In practical translation classes it is inevitable that students make translation errors. Making errors is in fact a characteristic of translation training process, and the role of the teacher is to respond and offer timely and appropriate correction/feedback so that students are able to differentiate between correct and erroneous translations. Training students to develop the ability to produce correct and accurate translation is part and parcel of any practical translation classes. This paper, which has a pedagogical nature, investigates the treatment of students’ errors in online practical translation classes. It extends the area of ‘responding to errors’ to translation studies, on the one hand, and to online classes, on the other hand.

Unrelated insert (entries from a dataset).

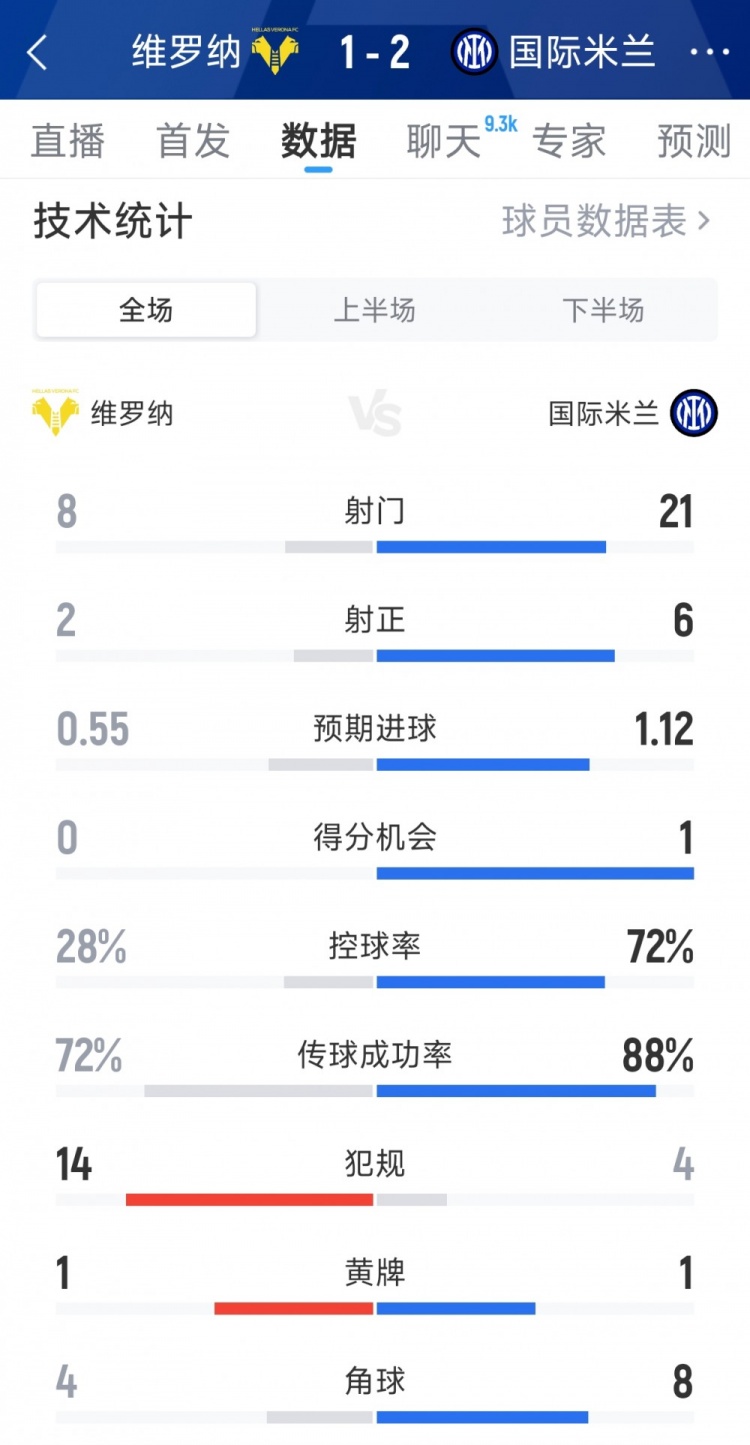 11月2日讯 在本轮意甲,国米2-1险胜维罗纳,以下为两边全场数据对比:
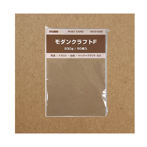 モダンクラフトFはレトロな仕上がりが人気の厚手のクラフト紙で、細かな繊維がブレンドされており、ナチュラルな質感が特徴です。素材そのものの風合いが前面に強く表れる茶色の紙肌はヴィンテージ感にあふれ、しっかりとしたコシと厚みがあるのでポストカードのほか、名刺、しおり、台紙、ペーパークラフトなど、幅広く活用できます。
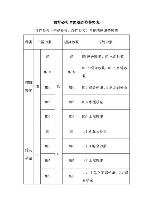 预拌砂浆(干混砂浆、湿拌砂浆)与传统砂浆替换表,预拌砂浆(干混砂浆、湿拌砂浆)与传统砂浆替换表。
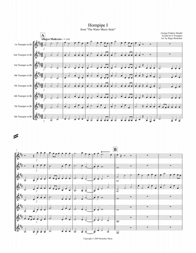 Brass Ensemble Trumpet - Level 3 - Digital Download SKU: A0.812942 Composed by George Frideric Handel. Arranged by Regis Bookshar. Baroque,Multicultural,Standards,Wedding,World. Score and parts. 11 pages. Regis Bookshar #5791769. Published by Regis Bookshar (A0.812942). Trumpet Octet - Intermediate - Digital Download. This famous Hornpipe from Handel's "Water Music" has been arranged for 8 Trumpets by Regis Bookshar and is one of the many arrangements from The Regis Bookshar Trumpet Ensemble's extensive music library being made available for the first time. It is suitable for high school and college students and could be performed for concerts, church services and other festive occasions. Included is a score and a complete set of parts (11 pages). Please feel free to search for other arrangements by Regis Bookshar. You may find something else which might interest you as well. I'm certain that audiences will enjoy hearing this selection. This product was created by a member of ArrangeMe, Hal Leonard's global self-publishing community of independent composers, arrangers, and songwriters. ArrangeMe allows for the publication of unique arrangements of popular titles and original compositions from a variety of voices and backgrounds. The length, difficulty, and retail pricing are determined solely by the discretion of the person who arranged or composed it. About Digital Downloads Digital Downloads are downloadable sheet music files that can be viewed directly on your computer, tablet or mobile device. Once you download your digital sheet music, you can view and print it at home, school, or anywhere you want to make music, and you don’t have to be connected to the internet. Just purchase, download and play! PLEASE NOTE: Your Digital Download will have a watermark at the bottom of each page that will include your name, purchase date and number of copies purchased. You are only authorized to print the number of copies that you have purchased. You may not digitally distribute or print more copies than purchased for use (i.e., you may not print or digitally distribute individual copies to friends or students).

Following Thompson’s (2007) model of responding to errors, the paper attempts to find out when and how teachers respond to translation errors made by students in online English-Kurdish practical translation classes. The results show that the teachers respond to the vast majority of translation errors occurred in the course of the online classes. In terms of time, the teachers never interrupted students instantly but waited until the end of translation units or utterances and then responded to the errors. In terms of the method of responding, the results revealed that the teachers mostly focused on meaning and used various techniques of error responding, including students’ involvement and offering their own corrections (with or without feedback). These results, coupled with critical comments provided, are hoped to offer useful insights to would-be translation teachers and trainers to better understand how and when to respond to students’ errors in online practical translation classes.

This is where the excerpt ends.